Al this was always in the song, but in Michael Jackson’s version it is lost amidst the dance beat. By making it a ballad and adding his cataclysmic voice to it, Mr. Cook has exposed the previously obscured aspects of the song.
It’s not all great. He botches the performance of “Innocent,” but the studio version has become a favorite of mine. And nothing is as good as his rendition of “Billie Jean.” S. and I have investigated some of his pre-Idol stuff and it’s pretty pedestrian. Too much typical harlequin romance songs. Hopefully after his run on American Idol he has the good sense to find his way to a decent producer (may I suggest Trent Reznor) and avoid signing a contract to do a Ford commercial.

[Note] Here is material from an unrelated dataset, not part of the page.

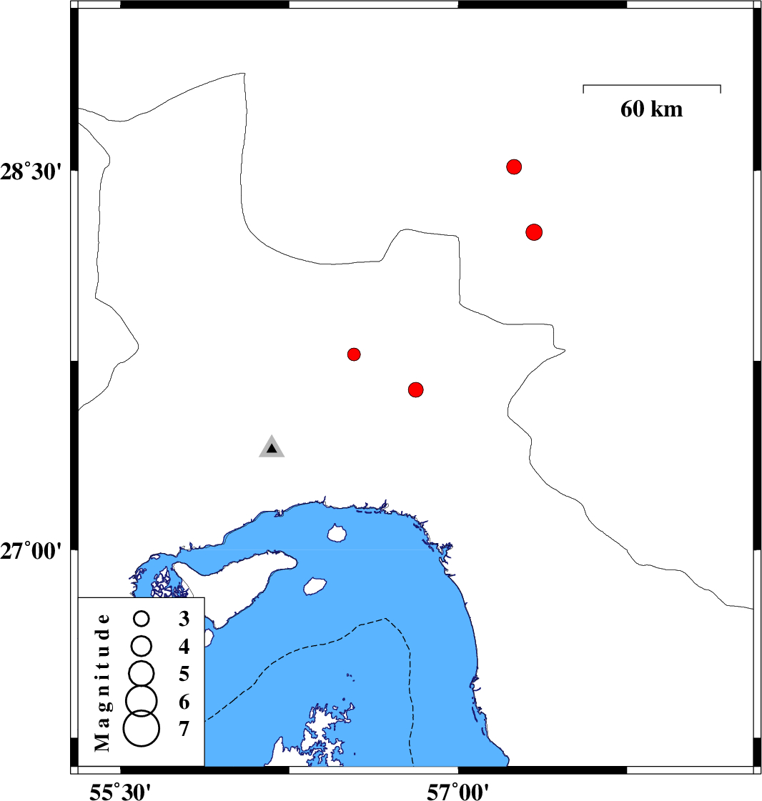 | 2017/08/01 | 06:58:10.3 | 11:28:10.3 | 27.775 | 56.536 | 21 | ML:2.6 | Hormozgan Province, 70 km North-East of Bandar-e abbas |

This week is going to be Neal Diamond. If only they were taking requests. Actually, nevermind, I wouldn’t know where to start.
Ryan Seacrest’s little trick during week eight of initially sending Mr. Cook to the bottom three only to correct himself later and swap Mr. Cook into the safe group almost killed me. It’s driving me so crazy that I may have to text “vote” to whatever number they throw up on the screen. I just hope they don’t start dispensing commands to run off a cliff because with my case of the screaming meemies I just might do that too.